- Problem to solve: Records follow. Print exactly the lines from the one that has "今回は費用の関係もあり下の前" through the one that has "Donde, Ln(Homt )", inclusive, and omit the pictures.
━━━━━━━━
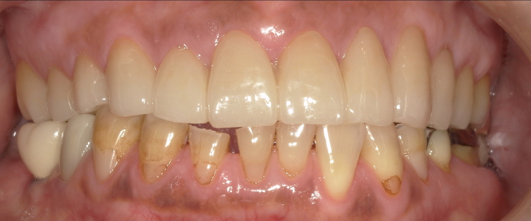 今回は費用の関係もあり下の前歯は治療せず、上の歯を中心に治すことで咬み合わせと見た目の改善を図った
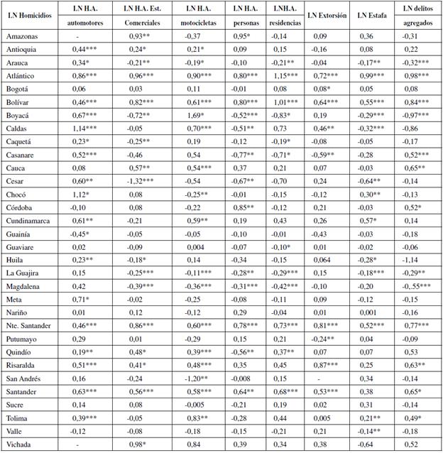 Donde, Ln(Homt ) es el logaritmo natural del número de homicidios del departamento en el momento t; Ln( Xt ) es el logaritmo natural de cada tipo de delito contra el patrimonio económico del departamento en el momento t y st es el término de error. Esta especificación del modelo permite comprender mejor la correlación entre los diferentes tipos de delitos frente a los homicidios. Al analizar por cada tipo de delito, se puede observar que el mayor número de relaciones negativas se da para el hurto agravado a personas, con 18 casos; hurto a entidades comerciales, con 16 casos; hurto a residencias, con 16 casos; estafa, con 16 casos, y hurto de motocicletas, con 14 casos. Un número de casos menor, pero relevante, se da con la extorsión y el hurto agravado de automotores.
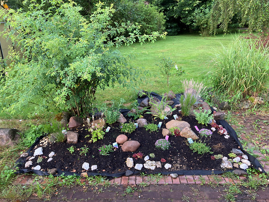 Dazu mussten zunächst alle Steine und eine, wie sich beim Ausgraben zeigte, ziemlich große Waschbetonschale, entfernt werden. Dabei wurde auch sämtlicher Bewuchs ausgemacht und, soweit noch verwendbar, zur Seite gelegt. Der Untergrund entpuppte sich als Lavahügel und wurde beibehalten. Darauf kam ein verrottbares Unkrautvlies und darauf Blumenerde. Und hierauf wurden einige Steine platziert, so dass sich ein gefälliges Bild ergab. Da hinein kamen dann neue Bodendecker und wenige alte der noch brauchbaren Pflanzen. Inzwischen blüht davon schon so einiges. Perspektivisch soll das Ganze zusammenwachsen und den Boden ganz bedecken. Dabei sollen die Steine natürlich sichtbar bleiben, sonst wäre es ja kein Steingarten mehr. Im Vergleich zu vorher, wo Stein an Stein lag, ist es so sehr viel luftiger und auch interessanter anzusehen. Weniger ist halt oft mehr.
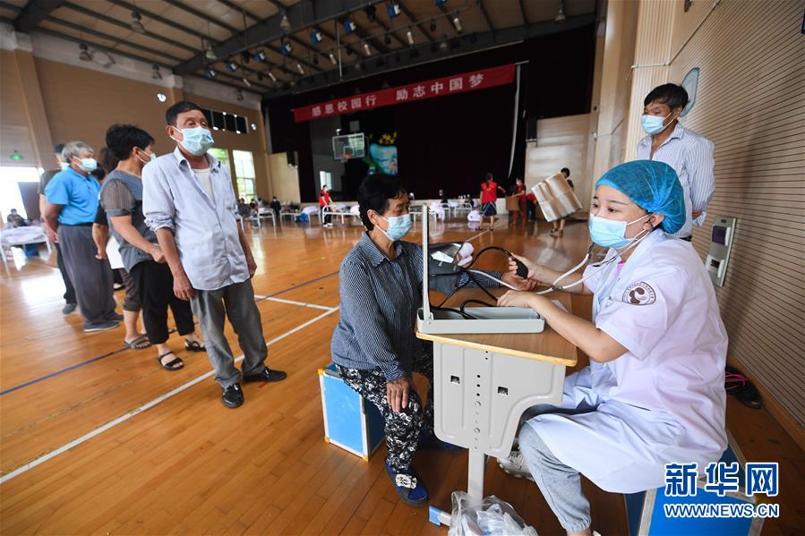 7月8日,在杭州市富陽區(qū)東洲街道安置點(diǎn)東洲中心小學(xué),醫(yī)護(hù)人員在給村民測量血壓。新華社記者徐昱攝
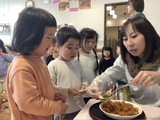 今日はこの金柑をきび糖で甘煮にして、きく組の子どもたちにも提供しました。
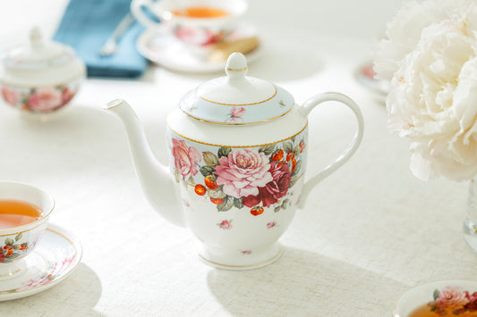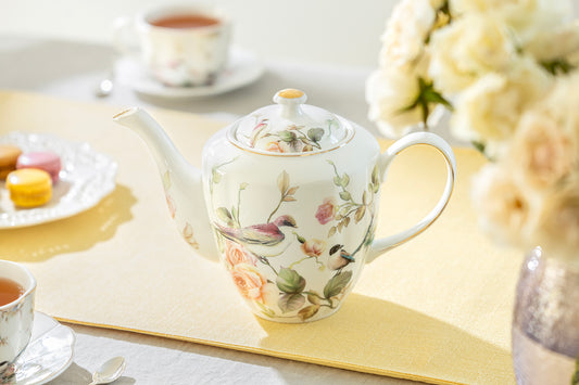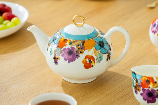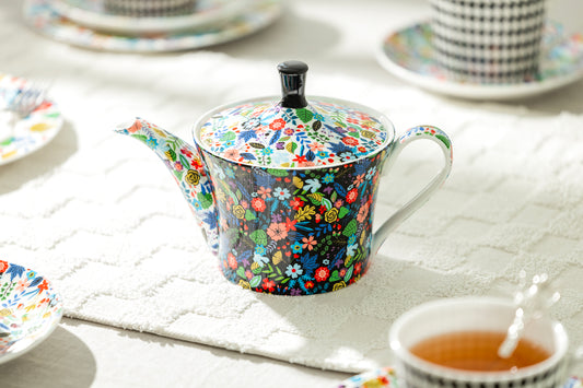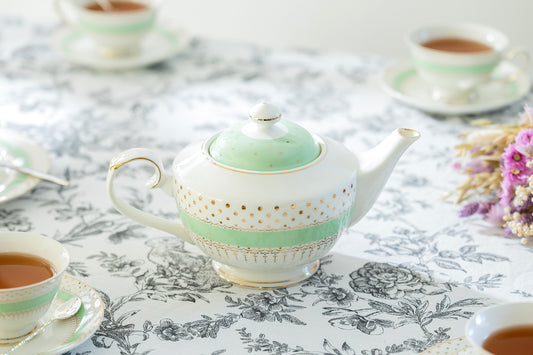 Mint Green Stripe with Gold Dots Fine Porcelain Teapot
━━━━━━━━
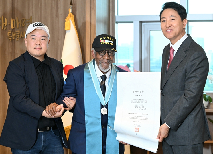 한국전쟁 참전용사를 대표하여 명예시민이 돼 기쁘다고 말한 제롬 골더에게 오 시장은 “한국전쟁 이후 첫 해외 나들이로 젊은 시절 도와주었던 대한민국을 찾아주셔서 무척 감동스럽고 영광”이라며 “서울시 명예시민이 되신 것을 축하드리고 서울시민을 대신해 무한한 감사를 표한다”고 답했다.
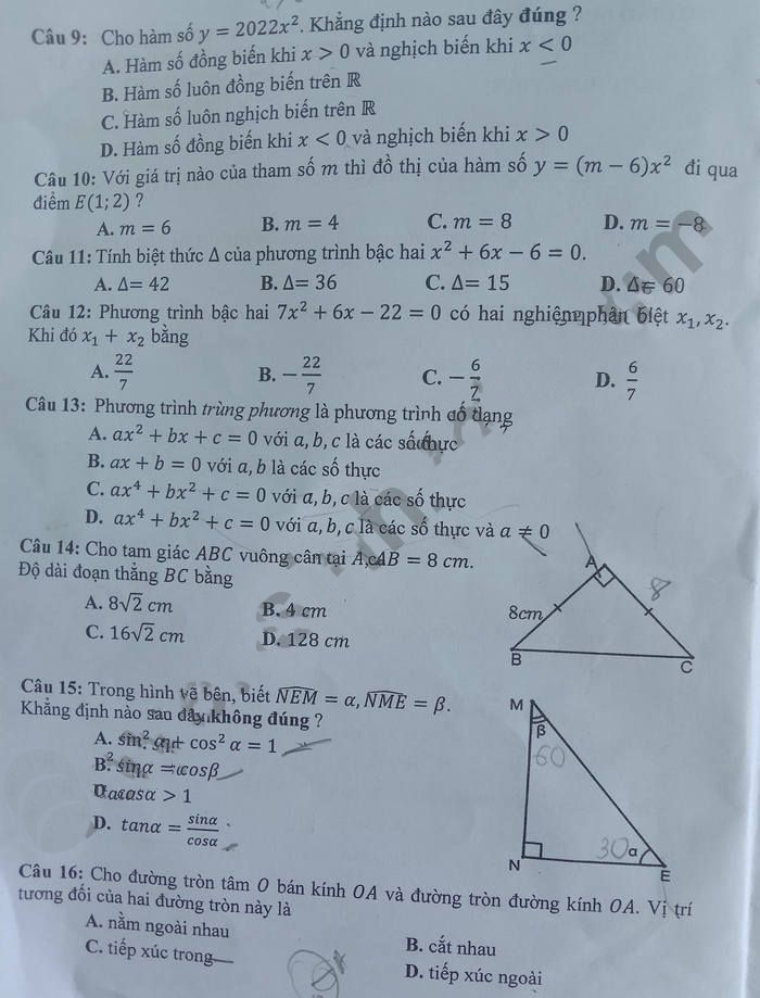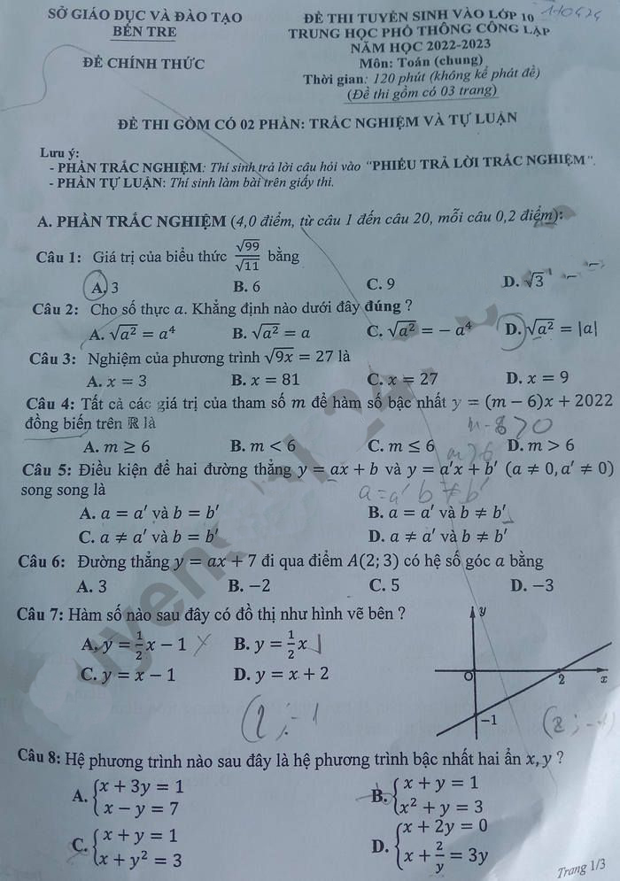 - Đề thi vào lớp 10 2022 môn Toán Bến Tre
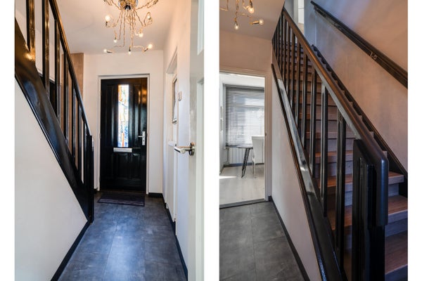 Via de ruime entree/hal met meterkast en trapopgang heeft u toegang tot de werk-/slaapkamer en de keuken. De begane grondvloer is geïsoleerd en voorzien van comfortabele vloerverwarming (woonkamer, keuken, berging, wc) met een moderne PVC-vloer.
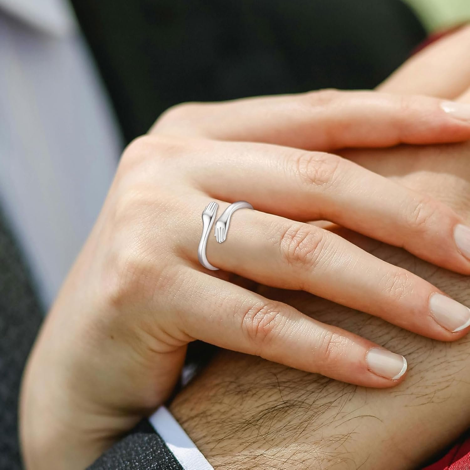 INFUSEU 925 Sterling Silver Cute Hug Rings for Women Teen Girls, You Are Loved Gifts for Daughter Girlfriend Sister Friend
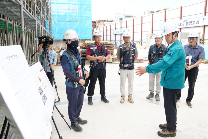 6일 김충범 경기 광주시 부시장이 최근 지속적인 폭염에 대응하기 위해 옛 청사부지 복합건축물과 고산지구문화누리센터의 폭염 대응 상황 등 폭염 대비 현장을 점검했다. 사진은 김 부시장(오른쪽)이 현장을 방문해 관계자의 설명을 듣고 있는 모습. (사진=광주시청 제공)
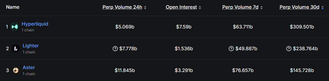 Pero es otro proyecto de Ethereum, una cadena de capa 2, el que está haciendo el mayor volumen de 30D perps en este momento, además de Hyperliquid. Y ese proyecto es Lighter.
━━━━━━━━
- Task output:
 今回は費用の関係もあり下の前歯は治療せず、上の歯を中心に治すことで咬み合わせと見た目の改善を図った
 Donde, Ln(Homt ) es el logaritmo natural del número de homicidios del departamento en el momento t; Ln( Xt ) es el logaritmo natural de cada tipo de delito contra el patrimonio económico del departamento en el momento t y st es el término de error. Esta especificación del modelo permite comprender mejor la correlación entre los diferentes tipos de delitos frente a los homicidios. Al analizar por cada tipo de delito, se puede observar que el mayor número de relaciones negativas se da para el hurto agravado a personas, con 18 casos; hurto a entidades comerciales, con 16 casos; hurto a residencias, con 16 casos; estafa, con 16 casos, y hurto de motocicletas, con 14 casos. Un número de casos menor, pero relevante, se da con la extorsión y el hurto agravado de automotores.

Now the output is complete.